Goals:
- Illustrate why naive implementations of model selection using Lasso
are problematic
Introducing the data
The Application Notebook builds on the dataset that is kindly
provided in the hdm
package. The data was used in Chernozhukov
and Hansen (2004). Their paper investigates the effect of
participation in the employer-sponsored 401(k) retirement savings plan
(p401
) on net assets (net_tfa
). Since then the
data was used to showcase many new methods. It is not the most
comprehensive dataset with basically ten
covariates/regressors/predictors:
age: age
db: defined benefit pension
educ: education (in years)
fsize: family size
hown: home owner
inc: income (in US $)
male: male
marr: married
pira: participation in individual retirement account
(IRA)
twoearn: two earners
However, it is publicly available and the relatively few covariates
ensure that the programs do not run too long.

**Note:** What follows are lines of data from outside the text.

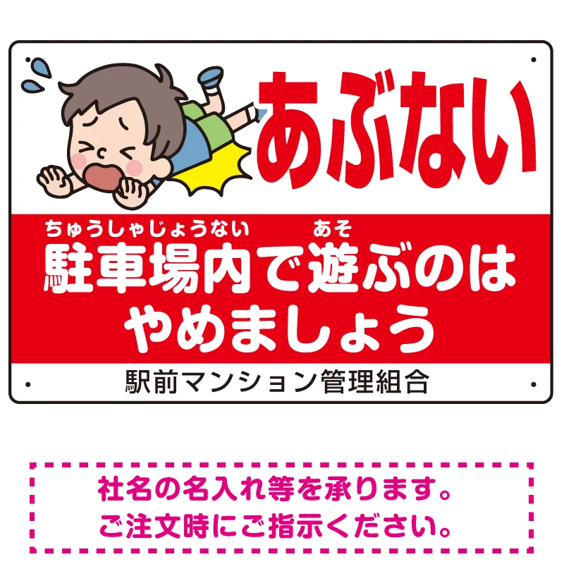 - あぶない 駐車場内で遊ぶのはやめましょう デザインB オリジナル プレート看板 W450×H300 エコユニボード
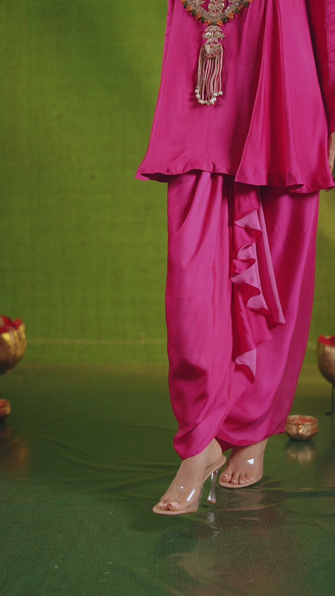 Step into elegance with our stunning Rani Pink Embellished Satin Silk Tunic and Skirt. The tunic is handcrafted with intricate work of sequin, bead, zari, aari tari and thread embroidery. Paired with matching ombre-dyed satin silk drape skirt. This look is epitome of grace and lively fashion. Perfect for semi-formal wear.
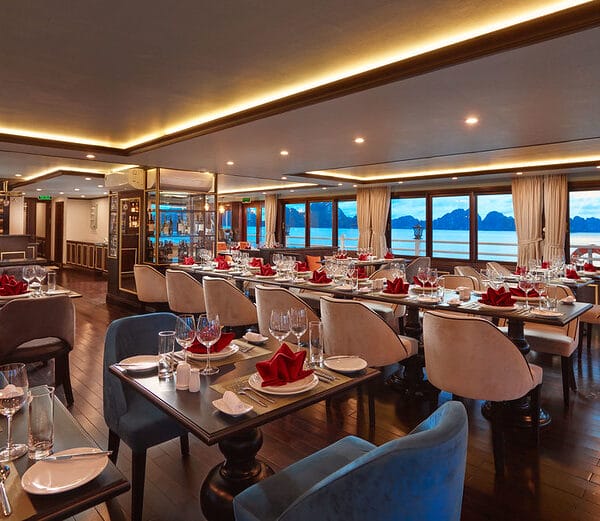 12:45 HAPPY LUNCH: Lunch is served at our cozy restaurant. As the cruise departs towards Halong Bay-a natural wonder of the world, absorb yourself in the gorgeous scenery and famous sights of limestone
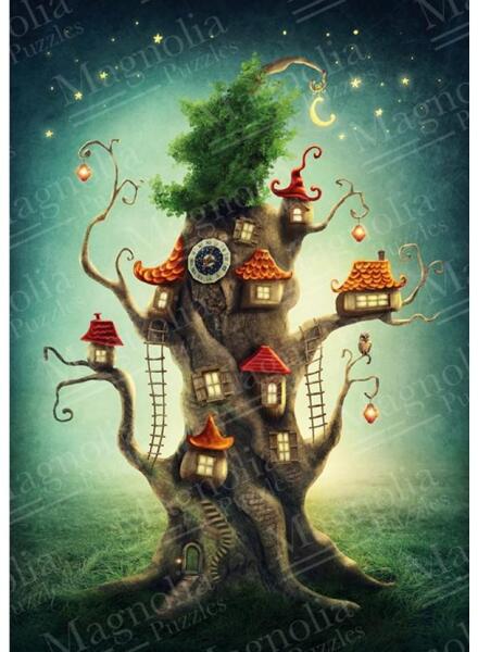 A Magnolia Puzzle az ALB Company márkaneve, amelyet 2020-ban alapítottak Izmirben. Termékei magas minőséggel, kiváló vágási technikával, matt és bársonyos felülettel, valamint exkluzív képekkel tűnnek ki. Világhírű művészek alkotásai teszik egyedivé kirakóikat. A Magnolia 1000 db-os puzzle - Magic Tree House (2337) kirakó képén egy varázslatos fa látható.
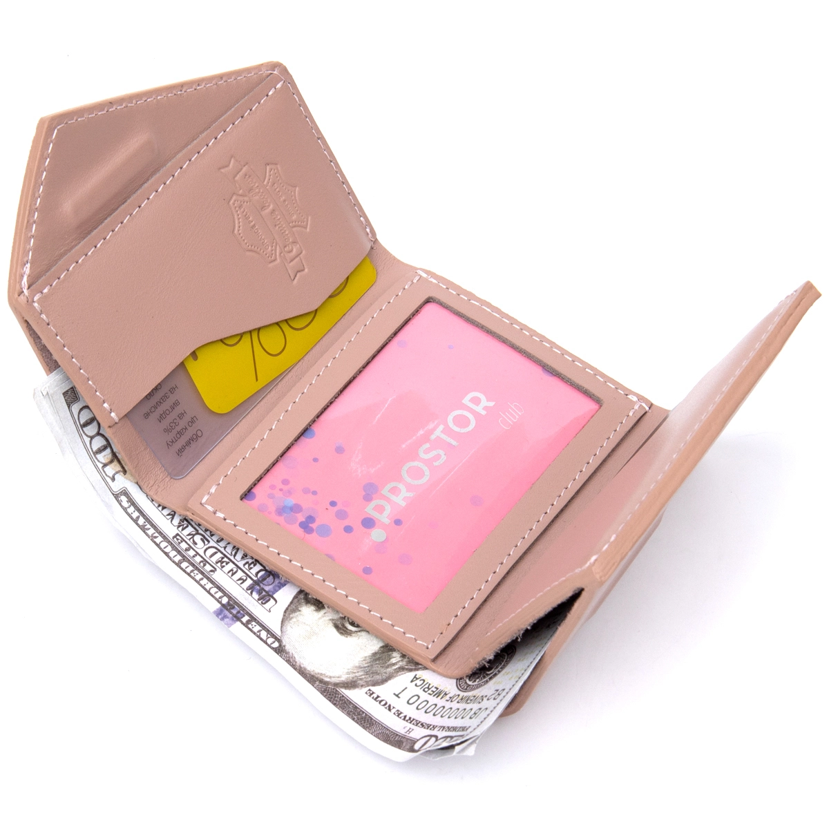 Внутри одно вместительное отделение для купюр и слоты для карт.
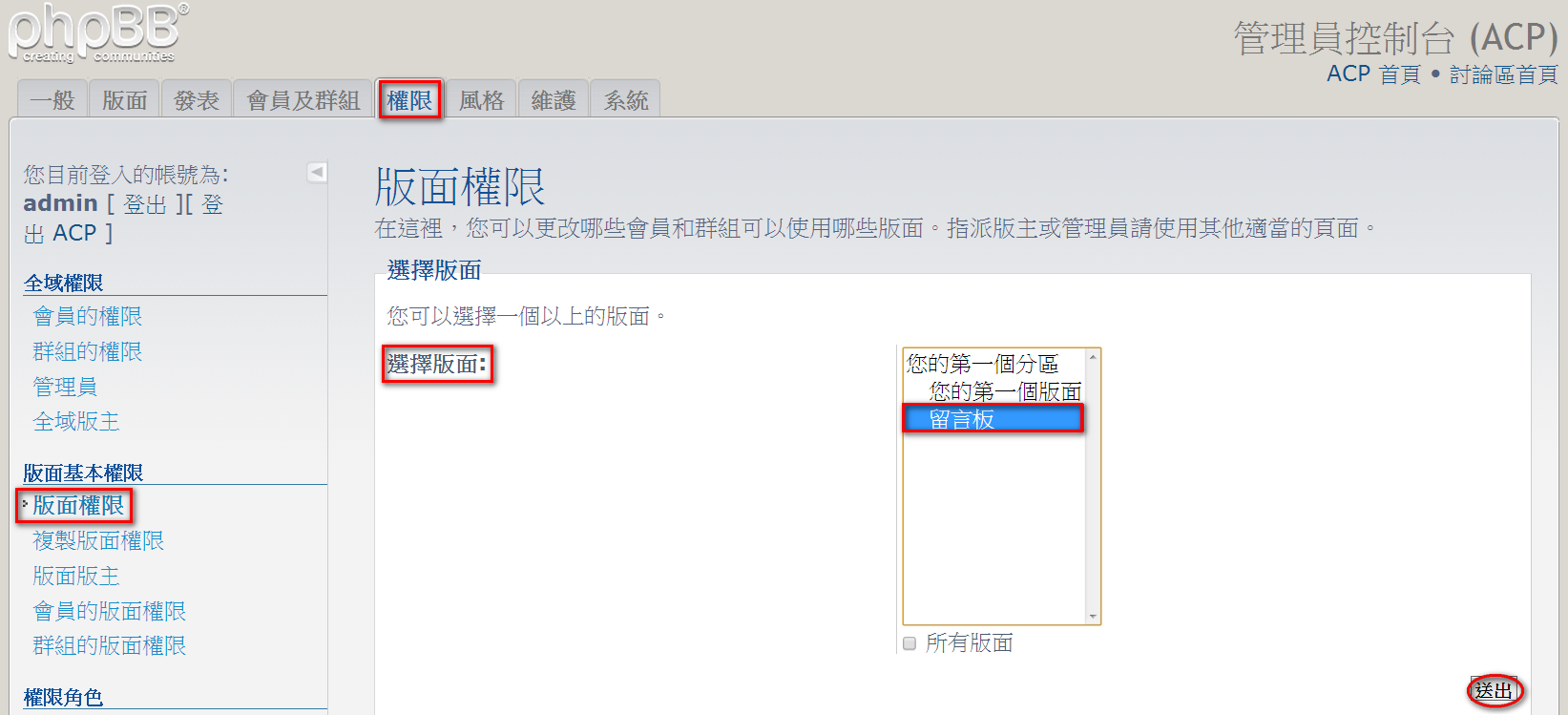 - 點選標籤「權限」-> 版面權限 -> 選擇版面 -> 點選「留言板」,按「送出」。
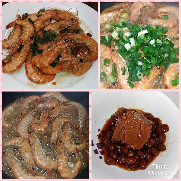 炒到蝦子呈現鮮紅色時,放入青蔥爆一下。
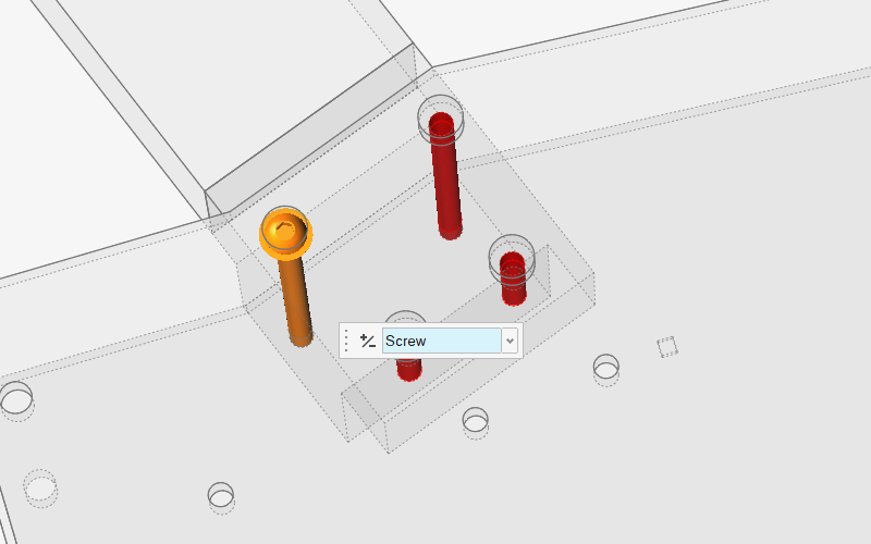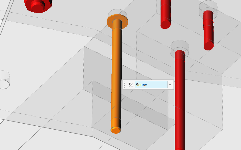 Inspire automatically places nuts and bolts in through holes and screws in blind holes.
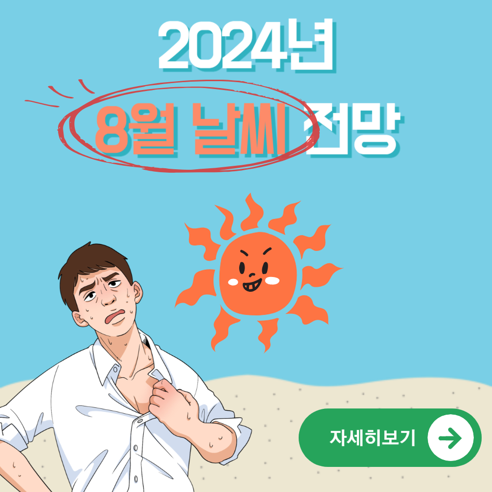 2024년 8월이 다가 오면서 휴가 준비로 바쁘신가요? 휴가 준비중에 제일 중요한 것이 바로 날씨 인데요~ 8월 날씨 전망은 어떻게 나올까요? 기상청에 따르면, 8월의 기온은 평년보다 높을 확률이 50%에 달하며, 강수량 역시 평년과 비슷하거나 많을 확률이 높다고 합니다. 따라서 오늘은 2024년 8월 서울/인천/부산/광주/대구/경주/속초 등 지역별로 구분하고 날씨를 전망해 보겟습니다. 많은 도움이 되길 바랍니다.
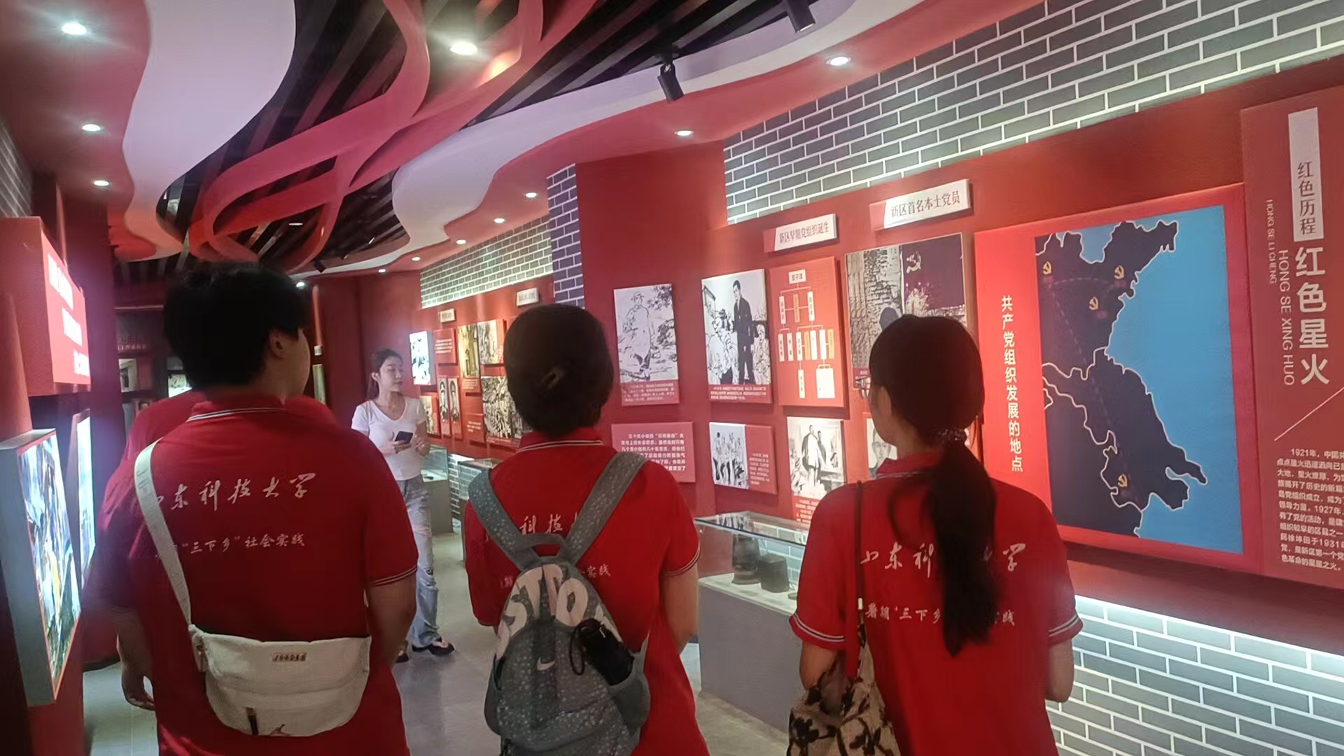 7月24日,团队成员来到青岛市杨家山里红色教育基地。“感受弦歌不辍的传承,激荡思接千载的心绪”,红色文化需要传承也必须传承,团队成员在参观时恰与假期研学的小员工相遇,看着他们认真聆听着讲解员讲述杨家山里人民在中国共产党的领导下,与日伪浴血奋战的故事。此刻展板上的那句“红色基因代代传承”成为现实。团队成员还和小朋友们一起瞻仰了革命先辈们抗日武装斗争的珍贵历史照片、实物,观看了杨家山里人民英勇抗争的历史影像和杨家山里乡村振兴的发展历程。展馆中,1937年至1945年间党在杨家山里斗争的点点滴滴被生动地展现出来,让每一位团队成员都深受感动。

# To install the causalDML package uncomment the following two lines
# library(devtools)
# install_github(repo="MCKnaus/causalDML")
# Load the packages required for later
library(hdm)
library(tidyverse)
library(causalDML)
library(grf)
library(estimatr)
set.seed(1234) # for replicability
data(pension)
# Outcome
Y = pension$net_tfa
# Treatment
W = pension$p401
# Create main effects matrix
X = model.matrix(~ 0 + age + db + educ + fsize + hown + inc + male + marr + pira + twoearn, data = pension)
Hand-coded Double Selection
To understand the procedure of Double Selection, we proceed step by
step using only the main effects for simplicity:
- Select variables in the outcome regression without the
treatment:
# Select variables in outcome regression
sel_y = rlasso(X,Y)
# Which variables are selected?
which(sel_y$beta != 0)
age fsize hown inc pira twoearn
1 4 5 6 9 10
- Select variables in the treatment regression:
# Select variables in treatment regression
sel_w = rlasso(X,W)
which(sel_w$beta != 0)
db hown inc pira twoearn
2 5 6 9 10
Note that variable db is now selected which was not selected
in step one.
- Use the union of the in total seven selected variables to run a
standard OLS regression with robust standard errors:
# Double selection
X_sel_union = X[,sel_y$beta != 0 | sel_w$beta != 0]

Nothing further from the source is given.